Bij de sterksten horen
Volgens Martin is Frank een teler die investeert in de toekomst. “Dat zie je aan de plannen die hij maakt en de investeringen die hij doet. Zo heeft hij ook de watervoorziening goed voor elkaar. Naast een bron met zoet water maakt hij gebruik van de landbouwwaterleiding. In het water van de bron zit te veel ijzer. Bomen hebben daar geen last van, maar de leidingen voor fertigatie raken snel verstopt. Daarom heeft hij een ontijzeringsinstallatie aangeschaft. Nu heeft hij daar geen last meer van.” Frank: “Je moet zorgen dat je binnen de sector bij de sterksten hoort, dan hou je het het langste vol.”
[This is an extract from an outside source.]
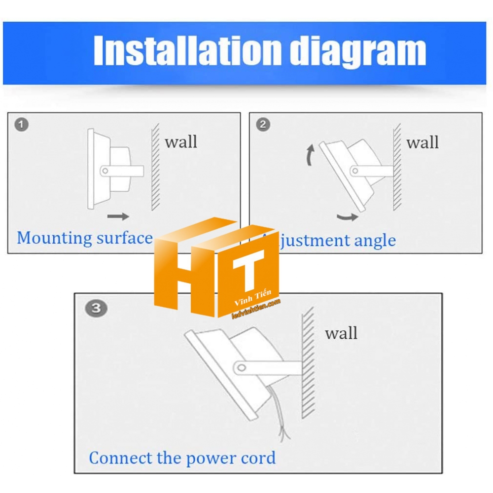 - Cài đặt dễ dàng và thuận tiện, Đèn pha ly LED của công ty đèn led Vĩnh Tiến ngoài trời của chúng tôi có thể được cài đặt rất đơn giản. Bạn chỉ cần cài đặt giá đỡ trên các lỗ lắp đã chuẩn bị, sau đó kết nối các ốc vít để cố định thiết bị.

Als het om het middelenpakket gaat, zijn er wel zorgen, vooral als het gaat om de beheersing van de perenbladvlo. “De mogelijkheden om met gewasbeschermingsmiddelen in te grijpen wanneer de situatie uit de hand dreigt te lopen, worden steeds verder beperkt. Sturen op een goed biologisch evenwicht wordt naar de toekomst toe steeds belangrijker”. In samenwerking met Van Iperen kijkt Frank nu ook naar de structuur van de bodem. Martin: “Een van de belangrijkste natuurlijke vijanden van de perenbladvlo is de oorworm. Die overwintert in de bodem. Door de structuur van de bodem te verbeteren overleven meer oorwormen de winter. Daarnaast zaaien we bepaalde bloemen en zorgen we voor schuilgelegenheden. Allemaal bedoeld om zoveel mogelijk natuurlijke vijanden aan te trekken.”

Frank: “De nadruk komt steeds meer op dat soort kennis te liggen. En daar heb je een bedrijf als Van Iperen heel hard bij nodig. Daarnaast vind ik het heel prettig dat Martin in de tijd dat ik het heel druk heb, zijn rondje maakt door de boomgaard en advies geeft.”